-- Source material follows --
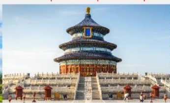
หอสักการะฟ้าเทียนถาน
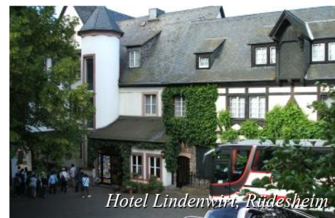
Hotel Lindewirt, Rudesheim
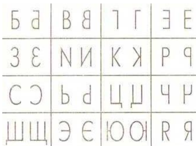
Рисунок 2. Задание «Зеркальные буквы»
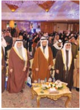
مؤتمر الأمانة العامة للأوقاف
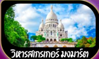
วิหารสกรเทอร์ มงมาร์ต
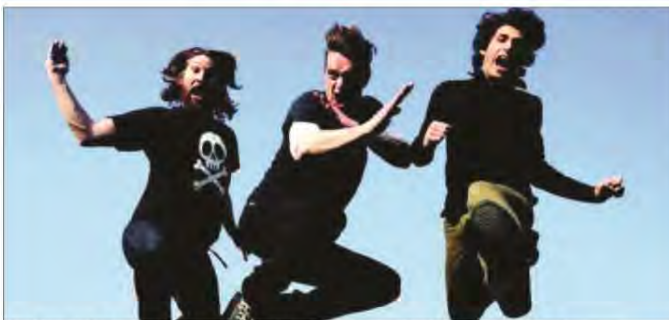
The New Kids passe deux jours en résidence à Cognac pour son nouveau spectacle.

changer par rapport à nos autres groupes. On adapte tout de même le volume sonore. On s'autorise aussi des choses que l'on s'interdit autrement, parce que cela a été fait mille fois. C'est comme un synthèse du rock qu'on leur présente. Et les textes sont adaptés pour ne pas qu'ils s'ennuient. Il y a une chanson en an-
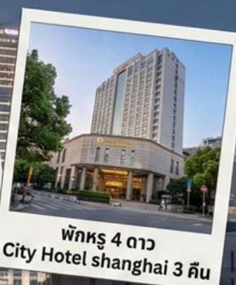
พักรู 4 ดาว City Hotel shanghai 3 คืน

Special Option : ตั้ว Disneyland + รถรับ-ส่ง เริ่มต้นที่ 3,900 บาท/ท่าน
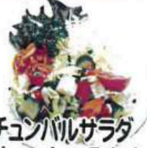
カチュンバルサラダ Kachumber Salad
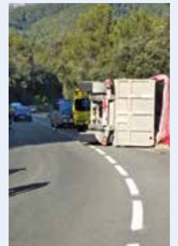
Camió bolcat a la C-1415.
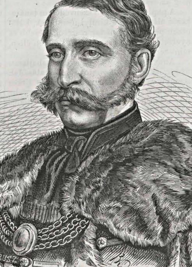
GRÓF FESTETICS GYÖRGY.

gyöt választá meg elnökének, ki e díszes hivatal el is vállalta. Olvasóink még élénken emlékeznek arra, hogy ezen elnöki minőségében érte a jelen év júniusi napjaiban a grófot azon kitüntetés, hogy a gazdasági kiállítás látogatására érkezett Fejedelmet üdvözölhette oly talpraesett beszéddel, a melyre adott királyi válasz az országot új bizalommal árasztá el s mondhatni, a magyar haza történetében egy új korszakot nyitott meg.
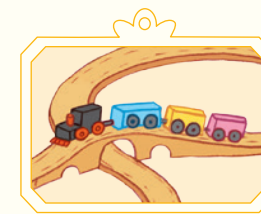
Le petit train
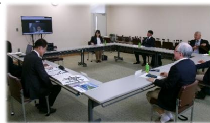
第1回運営協議会の様子

早速、4月15日（水）には、第1回の学校運営協議会を実施しました。詳細は今後「CSだより」を発刊してまいりますので、ご一読ください。
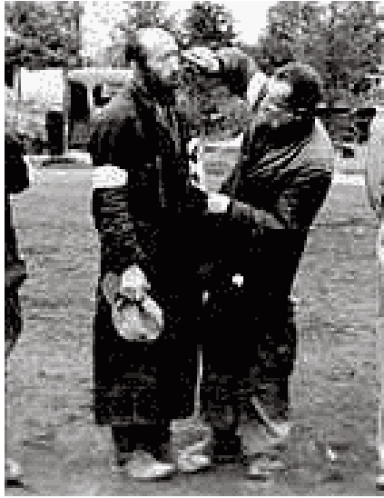
גילוח זקנו של יהודי בזמושץ' [10]
-- Source material concluded --
Task prompt -
Transcribe the whole listing exactly but exclude images.

Result of this task -
หอสักการะฟ้าเทียนถาน
Hotel Lindewirt, Rudesheim
Рисунок 2. Задание «Зеркальные буквы»
مؤتمر الأمانة العامة للأوقاف
วิหารสกรเทอร์ มงมาร์ต
The New Kids passe deux jours en résidence à Cognac pour son nouveau spectacle.

changer par rapport à nos autres groupes. On adapte tout de même le volume sonore. On s'autorise aussi des choses que l'on s'interdit autrement, parce que cela a été fait mille fois. C'est comme un synthèse du rock qu'on leur présente. Et les textes sont adaptés pour ne pas qu'ils s'ennuient. Il y a une chanson en an-
พักรู 4 ดาว City Hotel shanghai 3 คืน

Special Option : ตั้ว Disneyland + รถรับ-ส่ง เริ่มต้นที่ 3,900 บาท/ท่าน
カチュンバルサラダ Kachumber Salad
Camió bolcat a la C-1415.
GRÓF FESTETICS GYÖRGY.

gyöt választá meg elnökének, ki e díszes hivatal el is vállalta. Olvasóink még élénken emlékeznek arra, hogy ezen elnöki minőségében érte a jelen év júniusi napjaiban a grófot azon kitüntetés, hogy a gazdasági kiállítás látogatására érkezett Fejedelmet üdvözölhette oly talpraesett beszéddel, a melyre adott királyi válasz az országot új bizalommal árasztá el s mondhatni, a magyar haza történetében egy új korszakot nyitott meg.
Le petit train
第1回運営協議会の様子

早速、4月15日（水）には、第1回の学校運営協議会を実施しました。詳細は今後「CSだより」を発刊してまいりますので、ご一読ください。
גילוח זקנו של יהודי בזמושץ' [10]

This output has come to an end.